Эта ледяная вежливость была хуже открытой ругани. Галина чувствовала, как напряжение в маленькой кухне становится почти осязаемым, как густой кисель, в котором трудно дышать. Она торопливо стала накладывать еду в тарелки, звеня ложкой, лишь бы нарушить эту гнетущую тишину.
— Мам, садись, я тебе сейчас…
— Я не голодна, дочка, — быстро проговорила Анна Петровна. — Что-то сердце шалит. Пойду прилягу, валерьянки выпью. Вы ужинайте без меня.
Она развернулась и так же медленно, шаркая, побрела обратно в свою комнату — бывший кабинет Игоря, где теперь пахло корвалолом и старым деревом. Галина смотрела ей вслед, и комок в горле стал таким большим, что мешал сглотнуть. Она знала, что мать голодна. Она знала, что дело не в сердце. Дело было в Игоре.
Они сели за стол. Игорь ел быстро, агрессивно, втыкая вилку в мясо так, будто сражался с ним. Галина ковыряла свою порцию, аппетита не было совсем.
— Опять корвалолом воняет на всю квартиру, — пробурчал он с набитым ртом. — Невозможно уже. У нас дом или богадельня?
— Игорь, она же старый человек. У неё давление скачет.
— У меня тоже скачет, когда я счета за коммунальные услуги вижу! — он бросил вилку на тарелку. Звон резанул по ушам. — Я тебе сразу сказал, Галя, это плохая затея. Я прихожу домой не для того, чтобы отдыхать, а чтобы попадать в дом престарелых. Вечно кто-то кряхтит, стонет, телевизор на всю громкость орет со своими сериалами.
— Мама тихо смотрит…
— Тихо? Ты серьезно? Вчера этот её «След» было слышно у лифта! Я молчу, Галя, я долго молчу. Но моему терпению тоже есть предел.
Галина опустила глаза. Что она могла сказать? Что квартира эта, купленная двадцать лет назад, была наполовину оплачена деньгами от продажи дачи её родителей? Что её мать всю жизнь помогала им, сидела с их дочерью Светой, пока они оба строили карьеру? Игорь этого не помнил. Или не хотел помнить. Его память была избирательной, как и его щедрость.
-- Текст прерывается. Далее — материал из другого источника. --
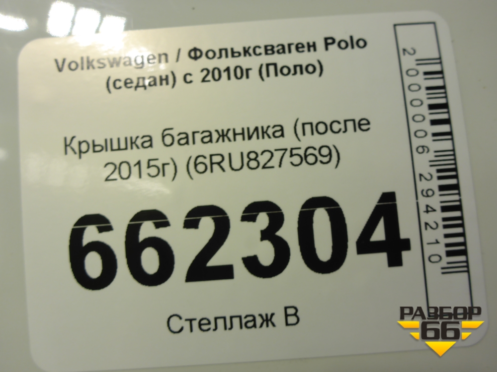 Крышка багажника (после 2015г) (6RU827569) для Volkswagen Polo (седан) с 2010г (Поло) в Екатеринбурге
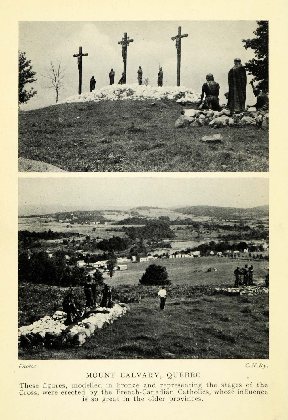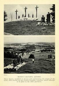 This is an original 1927 halftone print of crosses located at Mount Calvary, Quebec, Canada. The caption writes, "These figures, modelled in bronze and representing the stages of the Cross, were erected by the French Canadian Catholics, whose influence is so great in the older provinces."
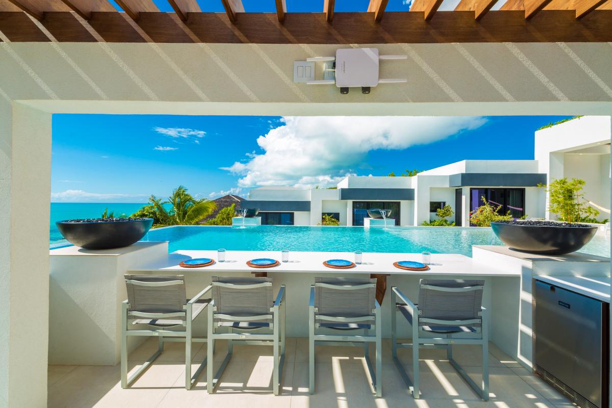 Wind Chime villa is located on Turtle Trail, a coastal residential region that boasts some of the finest vistas on the island. Wind Chime is a four-bedroom and four-bathroom Turks and Caicos villa rental with unique features. This Turks and Caicos rental is surrounded around the four elements - earth, fire, water, and air. Every care has been taken to enhance balance while enabling guests to focus on relaxation, rejuvenation, and recharging.
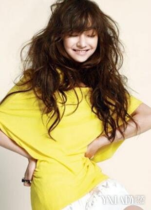 蓬乱的长卷发把脸部遮盖住大半脸颊,搭配鲜艳色彩的服装,跳跃的个性,小眼睛到变成一种特色更加的鲜明了,斜刘海又增添了一丝可爱的俏皮感。
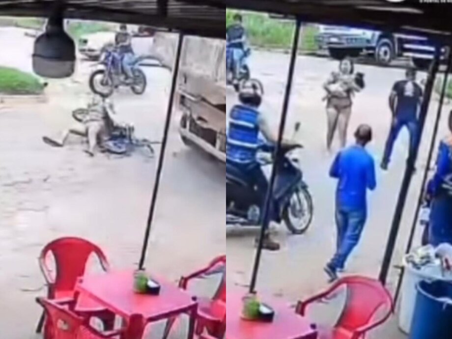 Um grave acidente de trânsito registrado nesta quinta-feira (5), em Tucumã, no sul do Pará, deixou uma criança de cerca de 1 ano em estado grave. A colisão envolveu uma motocicleta, onde estavam uma mulher e a criança e uma caçamba. O momento do impacto foi flagrado por câmeras de monitoramento.
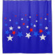 Five pointed star pattern in blue, red and white colour on blue background. Abstract space design.
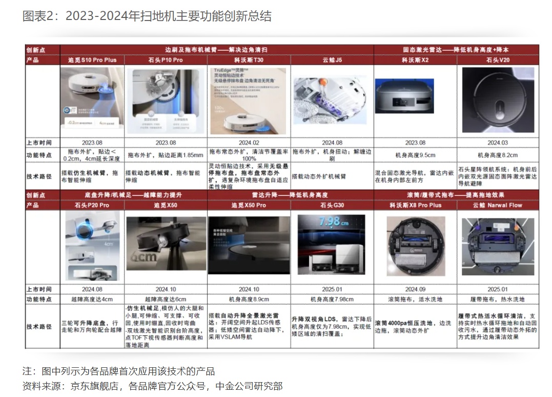 具体而言,2022年下半年中国扫地机行业进入微创新阶段,除去软件算法的升级,硬件部分的创新集中在内部的细节优化和基站功能的不断叠加,例如吸力增加、防缠绕滚刷、基站自动上下水、热水复洗等,这个阶段扫地机的产品形态基本没有任何改变。
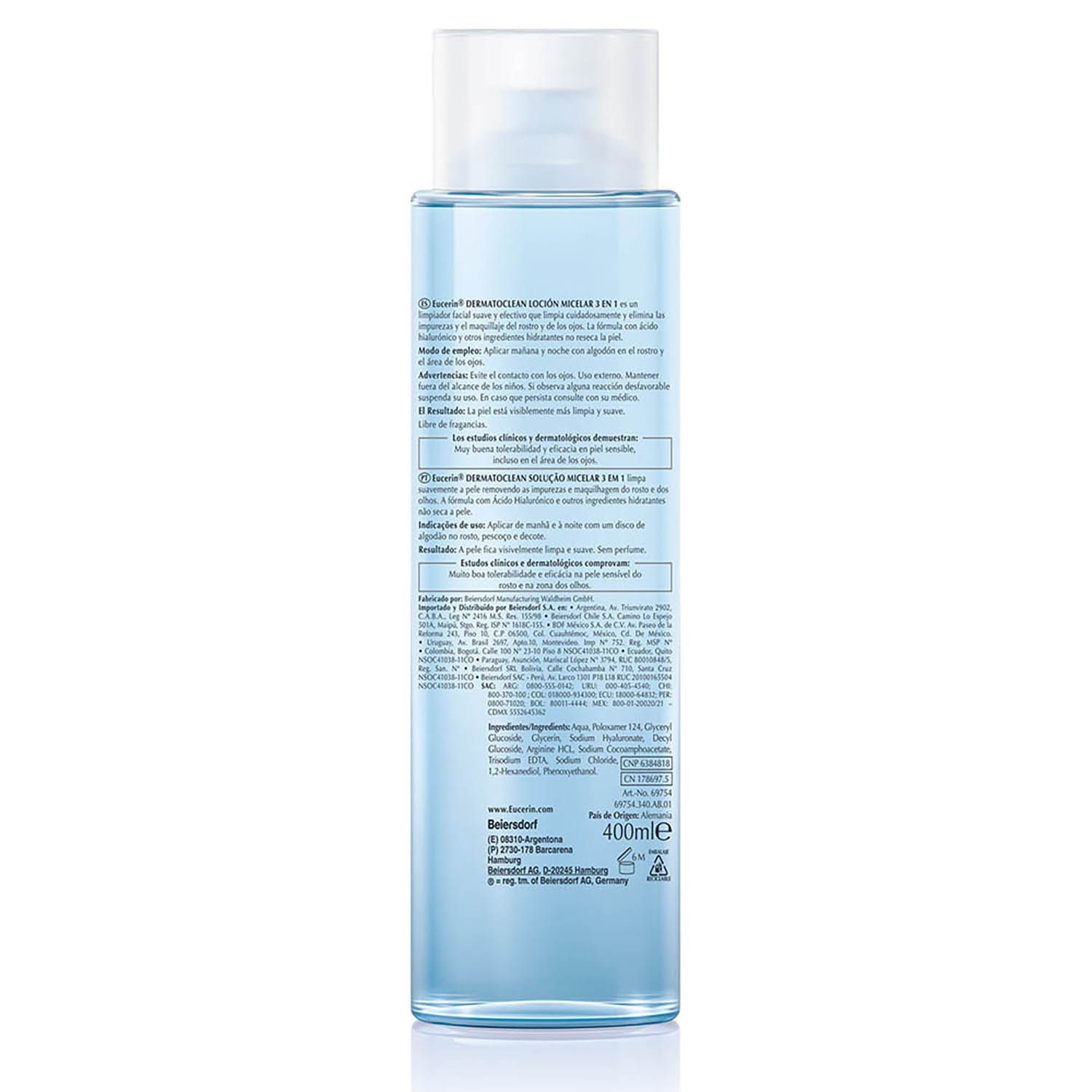 La Loción micelar 3 en 1 Eucerin DermatoCLEAN es una solución de limpieza refrescante que elimina el maquillaje soluble en agua de los ojos y del rostro. Contiene una combinación innovadora de tres ingredientes activos: Complejo limpiador APG, Gluco-Glicerol y Ácido Hialurónico, que ayudan a que la piel respire mejor, dejándola más limpia, aliviada, visiblemente más suave, elástica y mejor preparada para la regeneración. El uso de la loción no reseca la piel y aumenta significativamente la hidratación después de una semana de uso regular. Está probado en piel sensible y ojos. También demostró ser segura para usuarios de lentes de contacto.
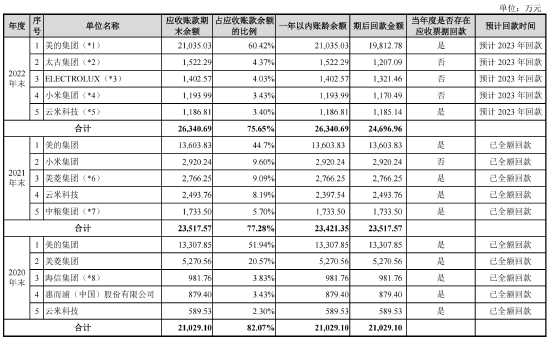 業績依賴大客戶的同時,大客戶也給雪祺電氣帶來大量應收賬款。2022年,雪祺電氣針對美的集團、太古集團、云米科技的應收賬款期末余額分別為2.21億元、1522.29萬元、1193.99萬元,合計占當期應收賬款余額的近七成。
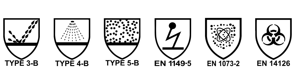 La tela impermeable especial alcanza el requerimiento más alto de la prueba biológica de EN14126. Todas las costuras están selladas por cintas a prueba de químicos, con lo que alcanzan el nivel de protección 3 y proveen una barrera efectiva contra chorros direccionales de líquidos a presión, diversos químicos, y riesgos biológicos.
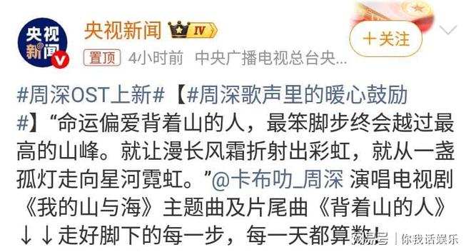 就在今天,周深《背着山的人》,被新华社好评
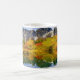 Une tasse avec une belle photo de campagne. Montagnes de pierre avec une forêt automnale aux couleurs vives. Un lac tranquille reflète les montagnes, les arbres et les herbes.
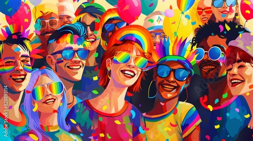 A diverse group of people, each wearing colorful rainbow accessories, gather together in a joyful parade. The scene is filled with smiling faces and lively energy, showcasing the spirit of unity and
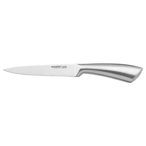Универсальный нож Киото от TM Appetite предназначен для выполнения различных кухонных задач, таких как нарезка овощей и фруктов. Инструмент изготовлен из нержавеющей стали, что обеспечивает коррозионную стойкость и долговечность.
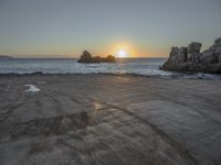 This is an image of a coastal landscape at dawn in Portugal, Europe. The open space allows for a breathtaking view of the ocean horizon. The wooden bank creates a peaceful atmosphere and the surface of the water reflects the clear sky. The sunlight shines brightly, creating a sunny and tranquil environment. This photo captures the beauty of the natural coastal environment and showcases the water resources of Portugal. It is the perfect representation of the break of day and the afterglow of the sun visible over the beach.

После ужина он, как обычно, ушел в гостиную к телевизору, а Галина осталась на кухне — мыть посуду, убирать со стола, готовить ему одежду на завтра. Она двигалась на автомате, как хорошо отлаженный механизм, которым была последние тридцать лет. Жена. Хозяйка. Мать. А теперь еще и буфер между мужем и собственной матерью.
Она заглянула к Анне Петровне. Та не спала, лежала поверх одеяла и смотрела в потолок. Рядом на тумбочке стоял стакан с водой и пузырек с каплями.
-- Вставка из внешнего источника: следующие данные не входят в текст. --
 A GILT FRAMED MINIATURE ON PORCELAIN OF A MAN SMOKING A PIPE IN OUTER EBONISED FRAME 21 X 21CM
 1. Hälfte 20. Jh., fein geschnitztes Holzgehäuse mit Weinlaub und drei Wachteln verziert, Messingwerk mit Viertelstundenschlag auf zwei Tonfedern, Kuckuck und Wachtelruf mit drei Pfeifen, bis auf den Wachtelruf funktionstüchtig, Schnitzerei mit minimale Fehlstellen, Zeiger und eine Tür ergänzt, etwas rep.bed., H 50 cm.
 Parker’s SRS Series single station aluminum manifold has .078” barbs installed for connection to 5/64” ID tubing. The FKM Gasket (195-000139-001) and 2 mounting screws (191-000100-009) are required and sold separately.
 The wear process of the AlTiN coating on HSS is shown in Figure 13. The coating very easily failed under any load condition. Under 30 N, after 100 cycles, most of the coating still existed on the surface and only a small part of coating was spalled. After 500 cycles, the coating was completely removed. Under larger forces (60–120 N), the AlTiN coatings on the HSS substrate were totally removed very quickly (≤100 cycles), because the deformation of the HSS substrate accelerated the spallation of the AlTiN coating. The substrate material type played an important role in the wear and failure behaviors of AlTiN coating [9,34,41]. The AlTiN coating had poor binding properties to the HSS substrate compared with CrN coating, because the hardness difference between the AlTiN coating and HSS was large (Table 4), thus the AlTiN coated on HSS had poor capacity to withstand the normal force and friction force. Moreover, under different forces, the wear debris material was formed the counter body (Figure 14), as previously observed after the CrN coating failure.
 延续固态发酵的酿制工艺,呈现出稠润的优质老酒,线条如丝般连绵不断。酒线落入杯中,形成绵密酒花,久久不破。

— Мам, ты поела бы хоть немного. Я тебе принесла.
— Не хочу, доченька, спасибо. Кусок в горло не лезет. Я ведь всё понимаю. Мешаю я вам. Игорю мешаю.
— Никому ты не мешаешь, — соврала Галина, присаживаясь на край кровати. — Просто он устал. Работа нервная.
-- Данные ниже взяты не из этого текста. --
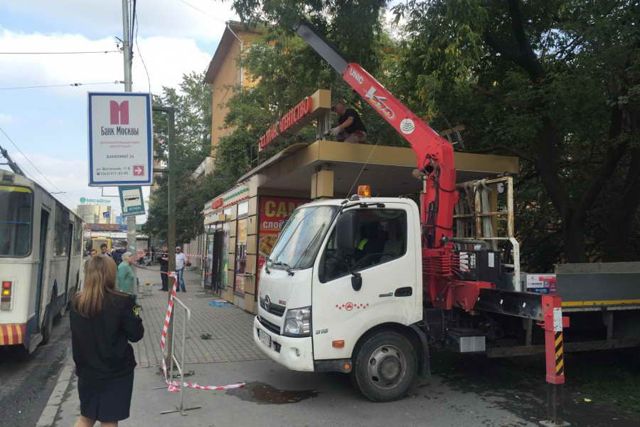 Арбитражный суд региона удовлетворил требования МУГИСО и администрации Екатеринбурга об освобождении земельного участка от павильона «Продукты». Собственник объекта должен был в десятидневный срок добровольно освободить территорию, но не сделал этого. Поэтому теперь администрация Октябрьского района совместно с отделом Федеральной службы судебных приставов производит снос торгового объекта.
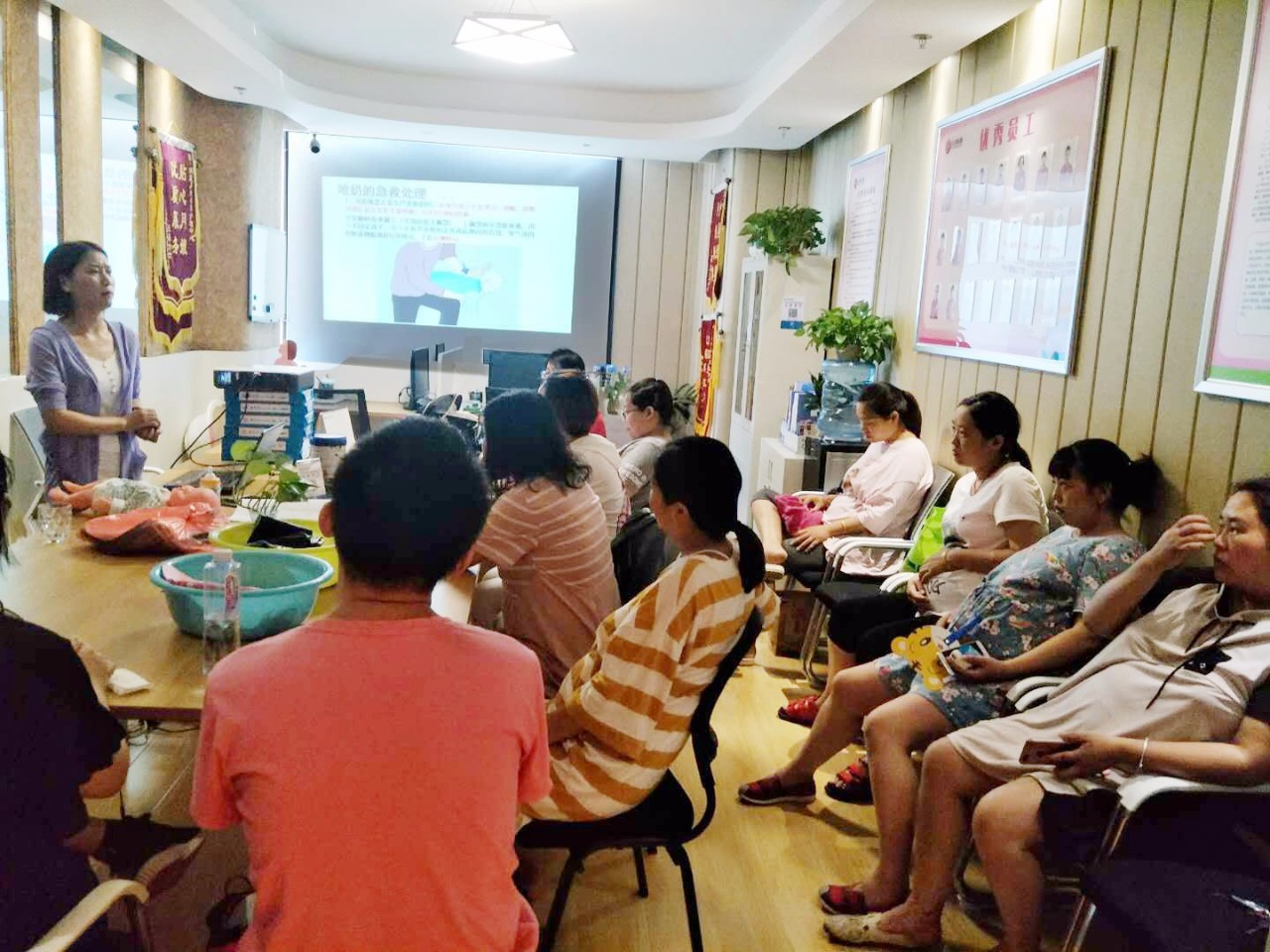 和平妇产医院产科专家在金湖纯良酒店,为金山桥蟠桃社区的孕妈妈们开展孕期知识公益讲座。
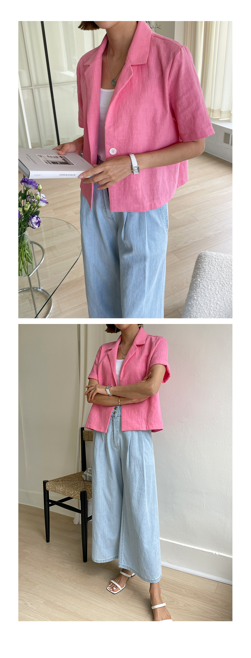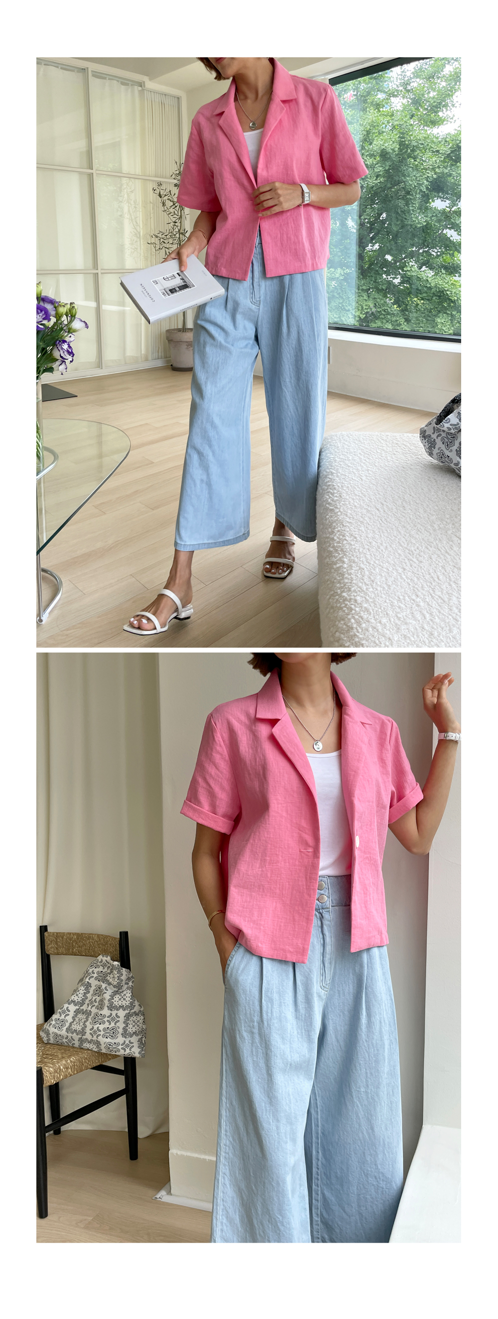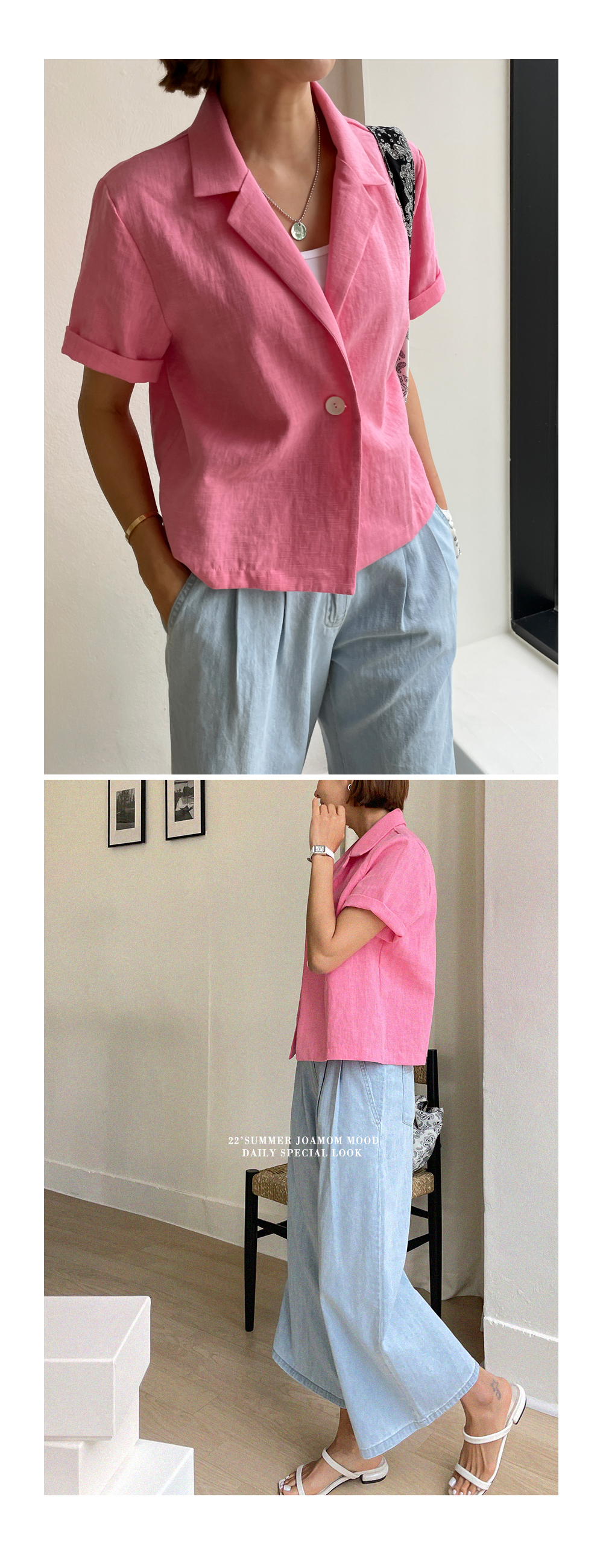 경쾌한 크롭 길이감의 여름 자켓 소개해드려요~

Анна Петровна горько усмехнулась.
— Работа у него нервная уже тридцать лет. С тех пор, как ты за него замуж вышла. Ты-то сама как, Галочка? Он тебя не обижает?
Галина отвела взгляд. Обижает ли? Разве это обида, когда на твой день рождения он дарит тебе новый пылесос со словами «чтобы в доме чище было»? Разве это обида, когда он решает, куда вы поедете в отпуск, не спрашивая твоего мнения? Разве это обида, когда он говорит «ты же дома сидишь, от чего тебе уставать»? Она привыкла. Она считала это нормой. Мужчина — добытчик, глава семьи. Он имеет право.
— Всё хорошо, мам. Не переживай. Спи.
Она поправила на матери одеяло и вышла, тихо прикрыв за собой дверь. В груди было холодно и пусто.
Следующие несколько дней прошли в состоянии глухой войны. Игорь демонстративно игнорировал тещу, отвечал на её вопросы односложно или делал вид, что не слышит. Анна Петровна старалась как можно реже выходить из своей комнаты, превратившись в тихую, испуганную тень. А Галина разрывалась между ними, пытаясь сгладить острые углы, угодить обоим, и с каждым часом чувствовала, как её собственная жизнь истончается, превращаясь в бесцветную паутину лжи и компромиссов.
В субботу приехала их дочь, Света. Она жила отдельно, снимала квартиру с подругой и работала в дизайнерском агентстве. Яркая, уверенная в себе, она была полной противоположностью своей матери.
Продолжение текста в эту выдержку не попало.